Hi
Thanks for the tip on getLocaltoVworld() :-).
I was thinking about the general technique behind CCD and I thought of
something. If you have a chain of bones pointing towards an effector, why
can't you use simple trigonometry to rotate the chain?
For example, take a chain with 1 DOF and 1 bone, pointing towards an
effector. If you move the effector, you can calculate the angle you need to
rotate the bone using cosines. Construct a triangle, with one leg going from
the base of the bone to the tip, and another going from the base of the bone
to the effector (the orientation that will minimize the error is always the
one where the line from the bone base to the tip points directly at the
effector) . The angle seperating them can be calculated by
angle = arccos(basetotip/basetoeffector)
and from there you can generate a 2*2 rotational matrix using that angle.

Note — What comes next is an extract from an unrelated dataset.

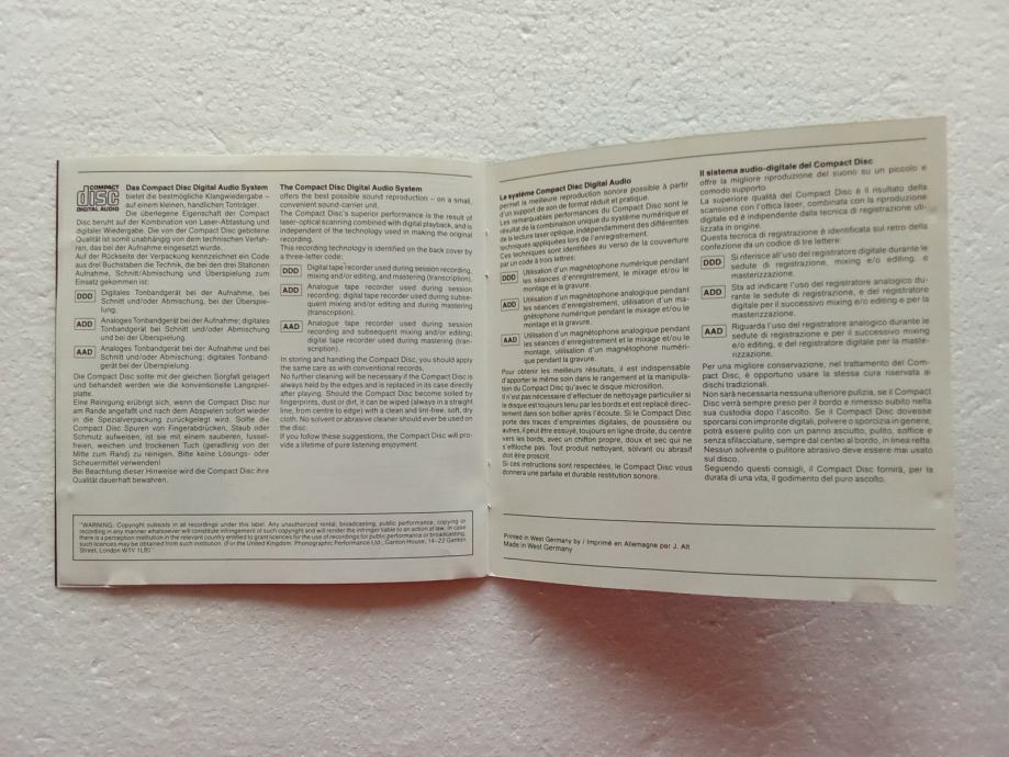 Fotografije priložene uz oglas prikazuju ovdje oglašeni predmet. Disk je u potpunosti slušan neposredno prije oglašavanja, svira bez preskoka, a program kojeg koristim za tzv. ripanje na kompjuter ne pokazuje nikakve greške u njemu. Na prvi pogled, laserska strana diska izgleda kao nova, na njoj postoje dvije-tri neupadljive crtice, koje moj fotoaparat ne može snimiti.

Then, since you constrained it to 1 DOF, you transform only the two
coordinates of the bone that can be changed. For example, pretend that you
are looking at it straight on. The z coordinate cannot change; only the x
and y coordinates. So, you apply the 2*2 rotation matrix to the x and y
coordinates.
Then, if you have more than 1 DOF, you repeat from a different view. For
example, if you use a side-on view, the x-coordinate cannot change, just y
and z. You repeat the process, generating another 2*2 matrix which you use
to transform the y and z coordinates. (the y coordinate should already be in
the correct place, so that part of the matrix should be an identity)
Then you have the coordinates for the new position of your bone!
Now I know that there is more than one solution for arccos. But, first of
all, we only need to consider one complete revolution in either direction;
from -2 PI to 2 PI
And, using the coordinates, we can determine the quadrant which the rotation
falls in, so there is really only two solutions for the angle; a positive,
counterclockwise rotation and a negative, clockwise rotation.
First, we will check the constraints of the joint to see if one is
eliminated. Then, if there are still two, we take the one that requires the
least amount of work, whichever angle has a smaller absolute value.
When you have more than one bone, you can do your subsequent iterations by
calculating the length of the legs of the triangle using the distance
formula. The rest of the process remains the same.
Performance-wise, there are a lot of square root and arccos calcualations
that need to be performed for each frame of animation, but current methods
involve calculating complex matrices and/or derivatives?
What do you think of this process? Is there some fatal flaw that I
overlooked? Will this be slower than current methods?
-B.D.
>From: Fred Klingener <[EMAIL PROTECTED]>
>Reply-To: Fred Klingener <[EMAIL PROTECTED]>
>To: [EMAIL PROTECTED]
>Subject: Re: [JAVA3D] IK and Skeletal Animation
>Date: Tue, 26 Jun 2001 01:24:17 -0400
>
>From: "Bob Dengle" <[EMAIL PROTECTED]>
>Sent: Monday, June 25, 2001 7:45 PM
>
>
> > Hi.
> >
> > Thanks for the info. I was busy seaching graphics and game
>development sites
> > for articles on inverse kinematics hoping there was
>information on CCD. :-)
> >
> > The best resource i came up with was Chris Welman's PhD thesis
>on Inverse
> > Kinematics. It discusses methods for implementing an ik
>system, but there
> > isnt any source to go with :-(. It can be downloaded in .ps
>format from
> >
> > ftp://fas.sfu.ca/pub/cs/theses/1993/ChrisWelmanMSc.ps.gz
>
>Yeah. Welman's paper remains one of the best and most
>comprehensive treatments. But don't go looking for source.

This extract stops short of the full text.